Untuk hasil nasi yang pulen dan tahan lama, usahakan saat mencuci beras cuci bersih hingga warna air berubah menjadi bening. Selain itu pada saat proses merebus, jangan lupa untuk mengaduknya supaya bagian bawah tidak gosong.


Foto: Istimewa

2. Menanak Beras Merah


Selanjutnya ada jenis beras merah. Untuk jenis beras ini kamu harus melalui beberapa tahapan untuk mendapatkan nasi merah yang pulen, lembut, dan mantap. Langkah pertama yang bisa kamu lakukan adalah menyiapkan beras merah sebanyak 2 gelas ukuran sedang, panci kastrol/panci biasa, dan rice cooker. Cuci beras merah hingga bersih dan rendam beras selama 30 menit dengan ukuran air setinggi 1,5 ruas jari.

Setelah beras direndam, rebus beras menggunakan panci hingga setengah matang. Kemudian masukkan beras merah yang sudah setengah matang ke rice cooker beri air setinggi 1 ruas jari. 


Foto: Istimewa

Untuk hasil yang maksimal cuci beras merah hingga bersih dan pastikan merendam tidak lebih dari 30 menit. Pada saat merebusnya pun usahakan benar-benar setengah matang, jangan sampai mendekati matang karena khawatir nasi merah akan menjadi lembek saat dikukus nantinya.


Foto: Istimewa

3. Menanak Beras Jasmine


Jenis beras lainnya adalah beras jasmine yang berasal dari Thailand. Beras ini memiliki warna putih yang mirip dengan beras putih pada umumnya, yang membedakan adalah bentuknya yang lebih pipih dan panjang. Untuk mengolah beras ini kamu perlu menyiapkan beras jasmine sebanyak 2 gelas ukurang sedang dan panci kastrol/panci biasa.
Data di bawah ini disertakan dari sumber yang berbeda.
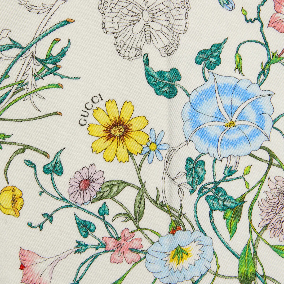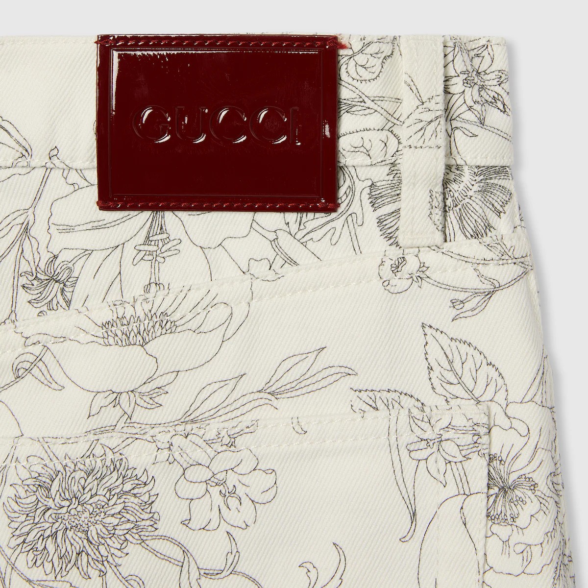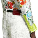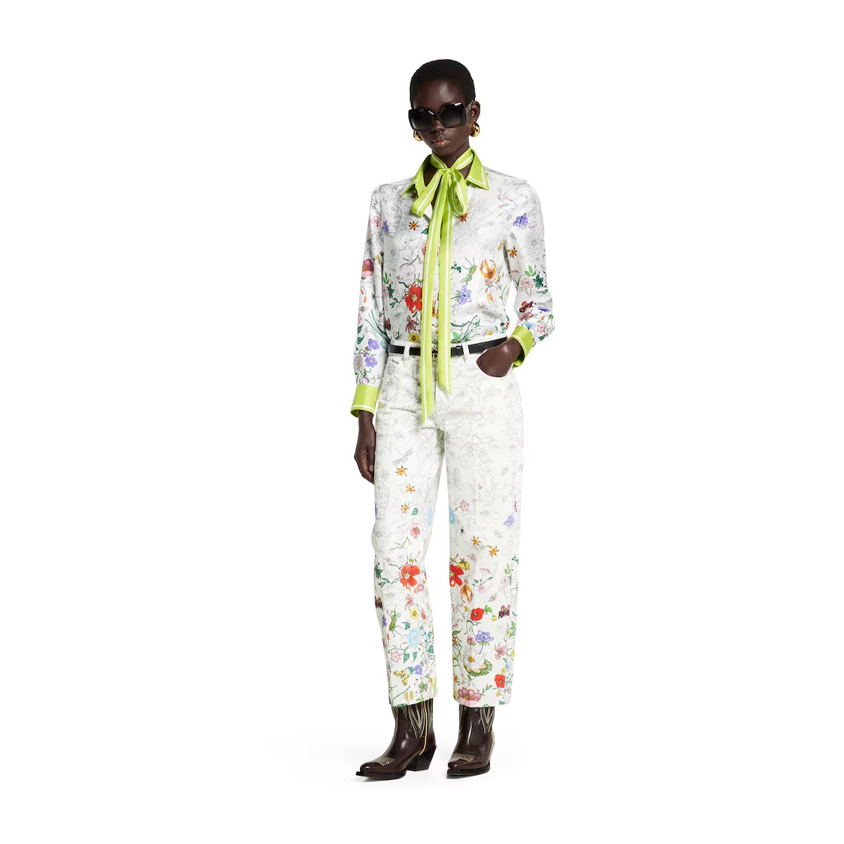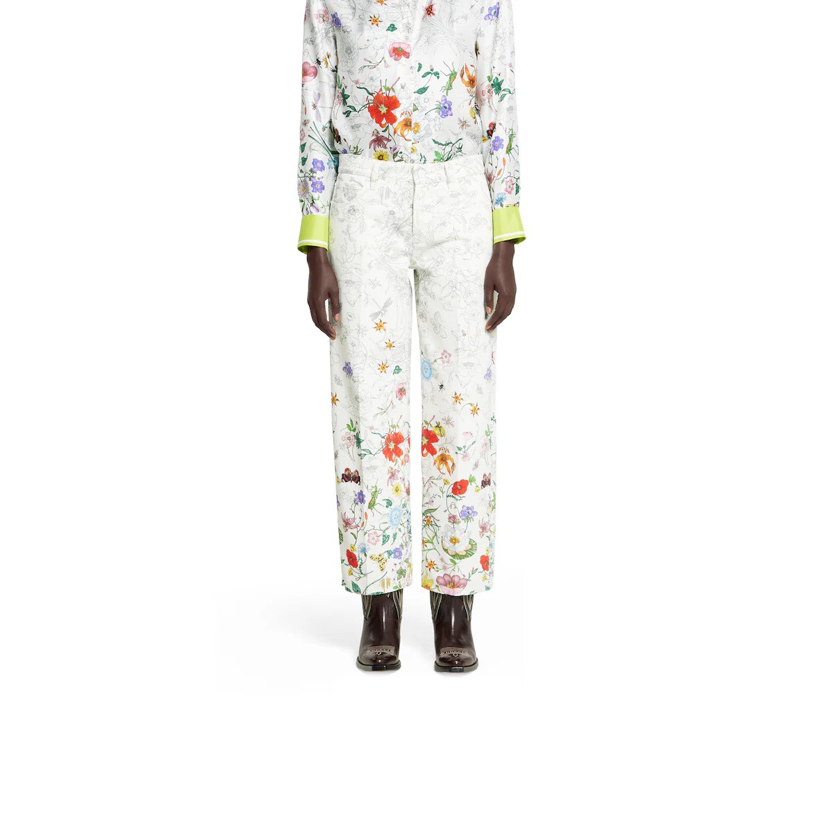 아카이브에서 찾은 1960년대의 플로라 프린트를 현대에 되살린 레디-투-웨어. 2025 프리폴 시즌을 위한 새로운 컬러와 그라데이션에 로맨틱한 감성을 더함. 다리 밑단으로 갈수록 더 짙어지는 데님 팬츠 상단의 프린트.
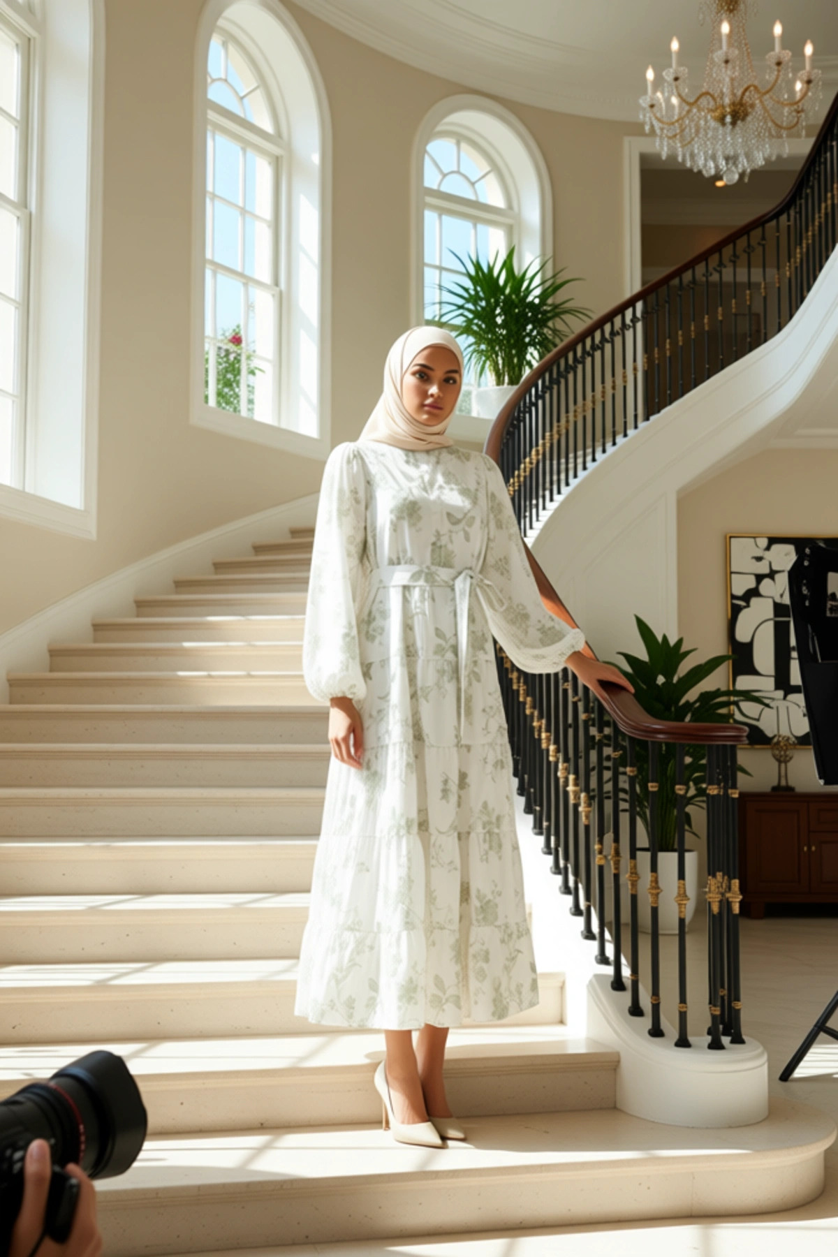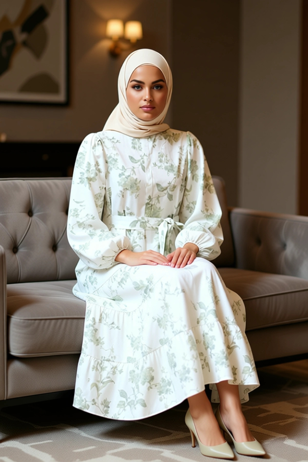 Bu maxi elbise, %51 pamuk ve %49 polyester karışımı terrycotton kumaşıyla üretilmiştir.; Dokuma kumaş yapısı sayesinde hem dayanıklı hem de nefes alabilir bir yapı sunar.; Elbisenin genelinde zarif bir çiçek deseni .; Skater kalıbı, vücuda oturan üst kısmı ve genişleyen eteği ile hareket özgürlüğü sağlar.; Bu özel tasarım, günlük kullanım için ideal olup, şıklığı ve konforu bir arada sunar.; Elbisenin astarsız olması, özellikle sıcak havalarda serin bir kullanım deneyimi vaat eder.; Maxi boyu ve fırfırlı eteği, romantik bir silüet oluşturarak her ortamda dikkat çekmenizi sağlar.; Elbisenin dik yaka detayı, klasik bir görünüm sunarken, balon kol tasarımı modern bir dokunuş katmaktadır.; Uzun kolları, serin akşamlarda veya daha kapalı bir stil arayanlar için uygundur.; Kuşak detayı, bel kısmını vurgulayarak vücut hatlarını belirginleştirir ve istenirse çıkarılarak farklı bir görünüm elde edilebilir.; Terrycotton dokuma, kumaşa hafif bir doku kazandırır ve giyim konforunu artırır.; Cool & Comfort persona ile tasarlanan bu elbise, hem rahatlığı hem de stil sahibi duruşu önceliklendirenler için mükemmel bir seçenektir.; Yaz mevsimi için biçilmiş kaftan olan bu elbise, keten pantolonlar, şık etekler veya sandaletlerle kolayca kombinlenebilir.; Günlük bir görünüm için spor ayakkabılarla da tercih edilebilir.; Bu elbise, hem gündüz hem de akşam etkinliklerinde rahatlıkla kullanılabilir.; Ürünün bakımı için nazik yıkama önerilir.

Selanjutnya kamu harus mencuci beras hingga bersih. Tuang pada panci dan beri air setinggi 1 ruas jari. Rebus hingga beras matang dan nasi jasmine siap untuk dinikmati. 


Foto: Istimewa

Beras jasmine merupakan beras yang berasal dari Tahiland yang berhasil menjadi pemenang dalam kompetisi beras tingkat internasional Rice Trader World Rice Conference 2012 di Bali. Beras ini memiliki keunggulan dalam hal aroma dan rasa. Saat beras ini dimasak menjadi nasi, nasi yang dihasilkan bertekstur pulen dan tidak terlalu lengket. Selain itu nasi yang dimasak juga memiliki wangi melati yang samar.


Foto: Istimewa

4. Menanak Beras Shirataki


Last but not least ada jenis beras yang bernama shirataki. Langkah untuk menanak beras shirataki adalah menyiapkan beras sebanyak 2 gelas ukuran sedang dan panci kastrol/panci biasa. Cuci beras hingga bersih kemudian masukkan ke dalam panci. Beri air setinggi satu ruas jari. Rebus beras, aduk sesekali agar beras tidak mengendap. Setelah matang, tiriskan dan biarkan nasi shirataki menjadi dingin. 


Foto: Istimewa

Beras shirataki atau bisa juga disebut rice konyaku menjadi beras yang familiar bagi orang-orang yang melakukan program diet. Beras ini biasa dikonsumsi untuk diet. Beras shirataki ini memiliki jumlah kalori sebesar 0 alias tidak ada kalori sama sekali dalam beras ini. Bentuk dan warna beras ini termasuk unik dan berbeda dari yang lain karena menyerupai sereal yang pipih serta berwarna putih pekat. Namun saat dimasak, beras akan berubah menjadi nasi yang pulen dan bening bersih. 


Foto: Istimewa
(kik/kik)
Loading ...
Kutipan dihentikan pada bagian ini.